“沈从谦,能听到我的声音吗?”
“嗯,可以。”
“身体有没有哪里觉得紧绷、疼痛?右手如果有不适感,随时告诉我。”
“还好,习惯了。”
“很好,现在,你离开现在的房间,往前走。每向前一步,时间就往前倒退一年。慢慢走,不用急。”
“停了下来了对不对?现在看一看,你现在大概几岁?”
低头,隐约能看见自己沾着泥土的脚。
“……六七岁?”
“很好,现在试着告诉我,你此刻身处什么地方?能看见光吗?”
“黑暗。锁在一个房间里。”
“那周围有什么人?能听见声音吗?”
“没有人。”
“没有人?你确定吗?再仔细看一看,门口会不会有人?”
“没有人。她出去打麻将了,把我锁在这里,不知道出去多久了。”
“那你现在饿不饿?想不想吃东西?”
“饿。

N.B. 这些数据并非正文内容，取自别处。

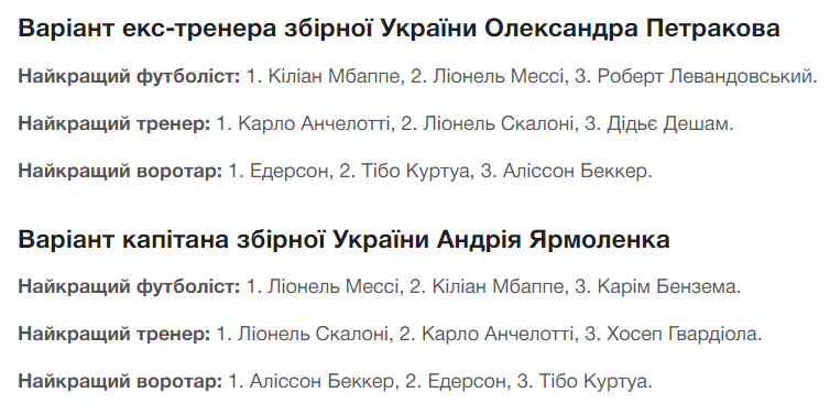УАФ не вказала, що від України на премії FIFA The Best голосував Ротань – на сайті є лише вибір Ярмоленка та Петракова, який брав участь від Вірменії

胃里烧得慌,什么都没有,只有那个保姆放在角落里发霉的面包。”
“……那你想见到谁?现在心里最想见到谁?”
“……”
小小的、散发着柔光的一团不明物体逐渐靠近。
不是你,乖一点,到我身后来。
“沈从谦,不要逃避问题,你现在心里最想见到谁?”
“……母亲。或许,父亲。”
“如果现在你站在他们面前,你要对他们说什么?告诉他们好不好?”
死寂。
“我会杀了你们。”
那股压了二十多年的恨突然翻上来,几乎要把心脏烧穿。
“沈从谦,清醒一点!”
“这里是诊疗室,你现在在二十二楼,我是袁诗澜,回来!”
沈从谦猛地睁开眼,又被灯光刺得眯起,胸口剧烈起伏,右手突然疼得厉害。
“你每次都卡在这儿。”
袁诗澜拿了毛巾递过来,无奈又心疼:“为什么不肯说你心里真正想见的人?我知道不是你父母,你根本不想见他们。”